To compare two taxa of pongids (gorillas and chimpanzees) to humans, the slow clock method suggests a simpler outgroup such as orangutans. Tables 6.2 and 6.3 summarize the results. \(\blacktriangle \)

Table 6.2 The numbers of sequences indicating which of the taxa compared (gorillas, humans) is more like the outgroup (orangutans). This information is derived from Huang [59, Table 1]

Table 6.3 The numbers of sequences indicating which of the taxa compared (chimpanzees, humans) is more like the outgroup (orangutans). This information is derived from Huang [59, Table 1]

6.4 Questions Raised by Distinguishing Macroevolution from Microevolution

In this chapter, we encountered some of the potential molecular evidence, as opposed to the better known fossil evidence (e.g., Sect. 2.4), that macroevolution is distinct from microevolution. If the gradual process of the neo-Darwinian synthesis cannot be extrapolated to macroevolution, then how should observed differences in epigenetic complexity be explained? What would be the mechanisms for evolution according to molecular versions of the punctuated equilibrium hypothesis (Sects. 2.4–2.7)? Can some kind of epigenetic inheritance [62, chapter 4] fill in the gaps?

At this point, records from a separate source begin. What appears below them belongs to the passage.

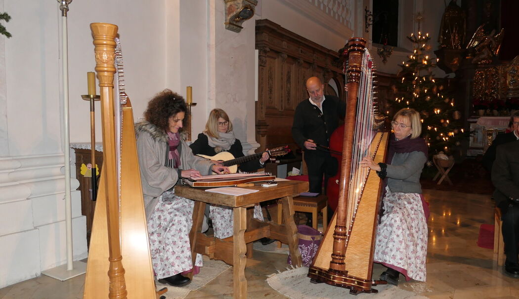 Von der Harfe begleitet sang der Ruperti Viergsang aus Salzburg. Wolfgang Busch, Rupert Reindl, Johannes Forster und Ernst Meixner überzeugten mit ihren wundervollen Stimmen beim »Als Maria übers Gebirge ging«, »S´Gebot is ausganga«, »Nachtn spaat« und das »Buama potz schliggra« das im Text einige verschmitzte Passagen enthielt.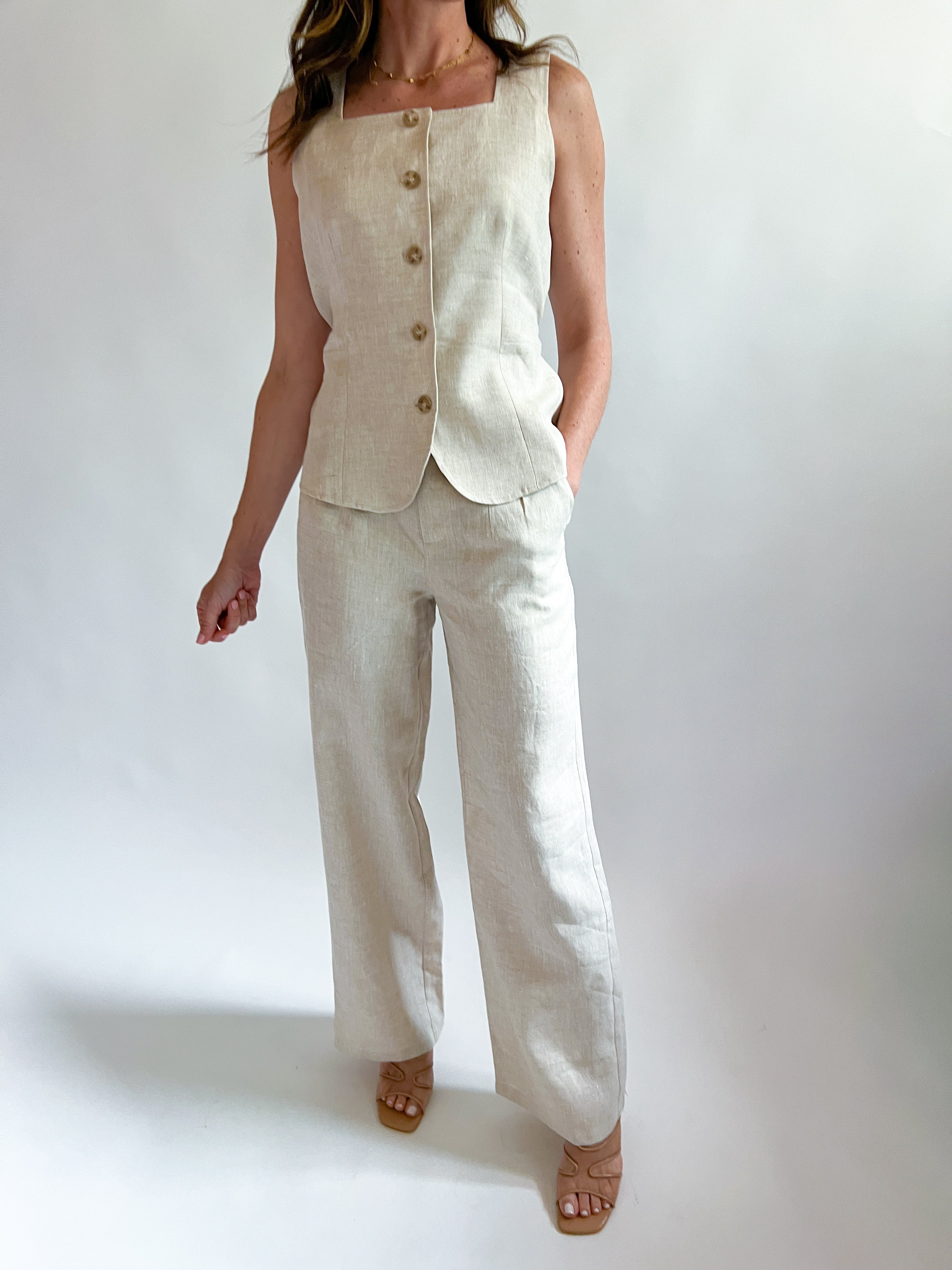 The Outsmart Square Neck Vest is stylish and versatile with its square neck and button front closure. Made from linen, this vest offers a relaxed fit for all-day comfort and a sleek look. Upgrade your wardrobe with this must-have piece.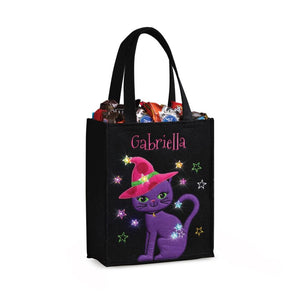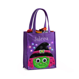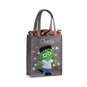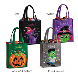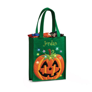 This is the illuminated Halloween tote that displays a trick-or-treater’s name with embroidered letters. Ideal for costume-clad children of all ages, the built-in LEDs cycle through multiple lighting effects, producing a constant display that lights up the night. With two thick handles and a fabric-lined frame that holds a child’s collection of candy after a successful night of trick-or-treating. Requires three AA batteries. Personalized with a name up to nine letters. Select Witch, Frankenstein, Jack-o’-Lantern, or Cat. 11 3/4" H x 10" W x 3 1/2" D.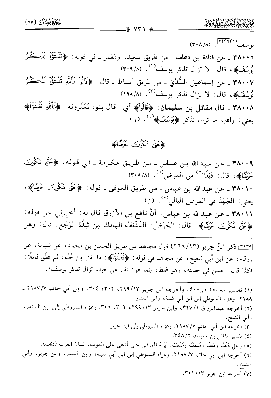 [٣٤٣٩] ذكر ابنُ جرير (١٣/ ٢٩٨) قول مجاهد من طريق الحسن بن محمد، عن شبابة، عن ورقاء، عن ابن أبي نجيح، عن مجاهد في قوله: {تفتأ}: ما تفتر مِن حُبِّه، ثم علّق قائلًا: «كذا قال الحسن في حديثه، وهو غلط، إنما هو: تفتر من حبه، تزال تذكر يوسف».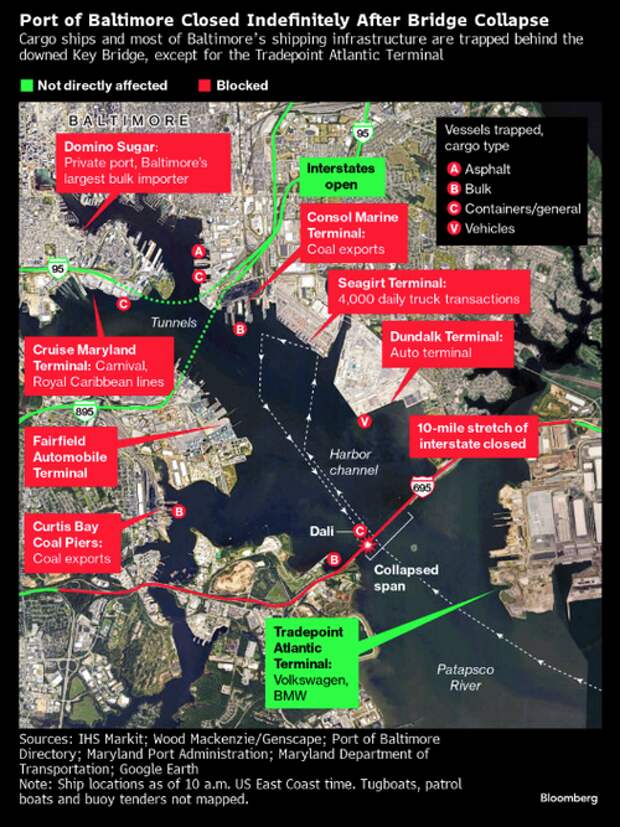 - The wreckage from the Francis Scott Key Bridge essentially blocks incoming and outgoing traffic to the Port of Baltimore.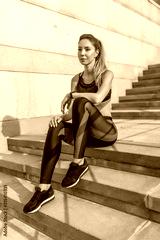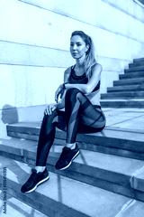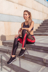 Beautiful girl morning in city, resting and sitting on steps. Front view. Fitness training active lifestyle. Tanned and athletic figure of woman. Sportswear Leggings Top. Emotions relaxation comfort.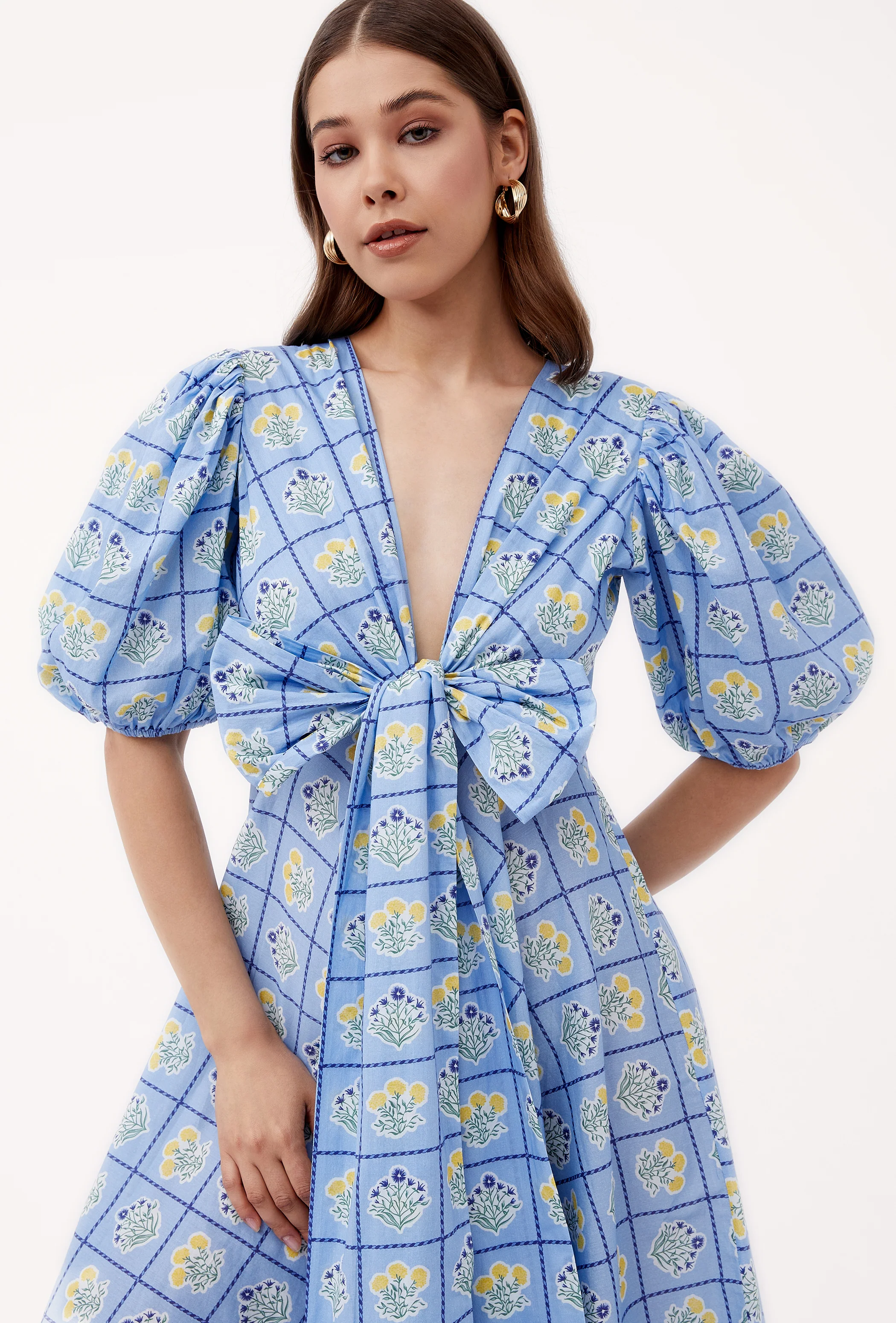 Lola is our signature style and all-time favorite. Crafted from 8 meters of softest, breathable cotton, the Lola is made to twirl in and spread joy! She is chic, easy-to-wear and incredibly versatile: Tie her in the front (with a bow) for an enticing, deep V-neckline or in the back for a bit more coverage. Inspired by a sun-drenched beach day, the artwork references the sorbet-colored beach umbrellas dotting Positano's coastline.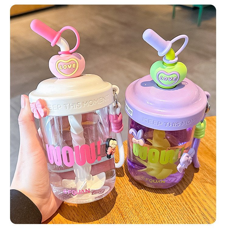 혼합 컵 귀여운 여성의 새로운 2024 높은 색상 값 플라스틱 물 컵 밀짚 작은 성격 휴대용 학생 Hua Geng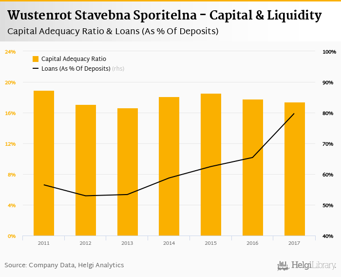 Wustenrot Stavebna Sporitelna's capital adequacy ratio reached 17.4% at the end of 2017, down from 17.8% compared to the previous year. Historically, the bank’s capital ratio hit an all time high of 18.9% in 2011 and an all time low of 16.7% in 2013.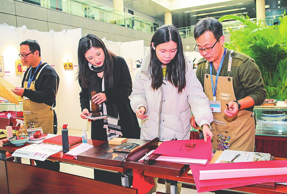 學(xué)生們現(xiàn)場學(xué)習(xí)制作木版年畫。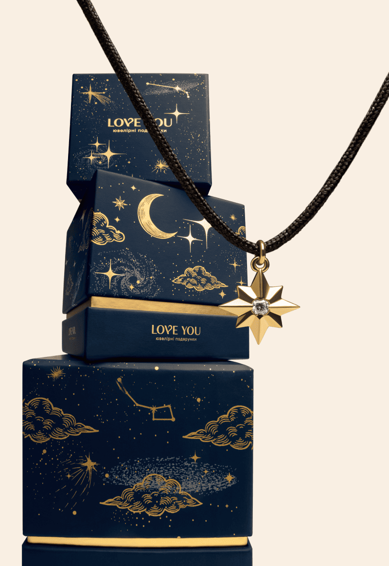 Головним елементом у дизайні прикрас є восьмипроменева зоря, яка набуває сучасної виразності від LOVE YOU. Її промені мають чітку геометрію та легкий об'єм, а делікатно інкрустовані фіаніти підкреслюють форму легким мерехтінням — неначе світло різдвяної зорі.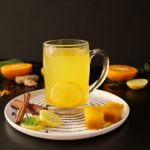 -In a blender jug,add peeled lemon,ginger,turmeric powder,black pepper powder,cinnamon powder, garlic,apple cider vinegar,orange juice,water & blend well.

Some maverick scientists have concluded that the evidence challenges not only the neo-Darwinian synthesis but also the theory of universal common descent [57, 105, 109]. That, however, is the foundational working hypothesis of molecular phylogenetics, at least as applied to higher level taxa. For without homology in the sense of common ancestry, tree estimation reduces to hierarchical cluster analysis (Sect. 1.2.1).

6.5 Exercises

1. (1)

   (a) Why, exactly, does claim 2 of the maximum genetic diversity hypothesis (Sect. 6.1) make the predictions listed in Sect. 6.2? Hint: if there are only a few sites in a sequence that are free to change, there will be more chances for multiple substitutions at the sites that are not conserved according to claim 2. (The concept of multiple substitutions at a site was introduced in Sect. 1.1 and also appeared in Sects. 3.1.2.2 and 3.1.2.3.) (b) Why does the molecular clock hypothesis make the predictions specified in Sect. 6.2?

2. (2)

   Why does the maximum genetic diversity hypothesis (Sect. 6.1) suggest working with slowly evolving sequences (Sect. 6.3)? Hint: for slowly evolving sequences, the maximum genetic diversity hypothesis makes the same predictions as the molecular clock. Why is that?

3. (3)

   (a) What part of the title of Huang [59] is supported by the numbers of slowly evolving sequences in Tables 6.2 and 6.3? (b) Would that part of the title be supported by the counts of rapidly evolving sequences in Tables 6.2 and 6.3?

4. (4)

   Why does the slow clock method of Sect. 6.3 require slowly evolving sequences? Hint: study the remarks in Sect. 6.3 about Table 6.1, and review your answers to Exercises 2 and 3.

5. (5)

   (a) Based on your understanding of Sect. 6.3, how would you change your answers to Exercise 5b of Sect. 4.4 and to Exercise 9b of Sect. 5.6? Hint: review the remarks in Sect. 6.3 about Table 6.1. (b) Does your answer depend on whether the phylogenetic trees are based on rapidly evolving sequences? Hint: review your answer to Exercise 4.

6. (6)

   (a) How would you start to answer the questions raised in Sect. 6.4? Hint: review the history of ideas sketched in Sect. 2, keeping in mind its epigraph. (b) Outline a research project that would address one of those questions.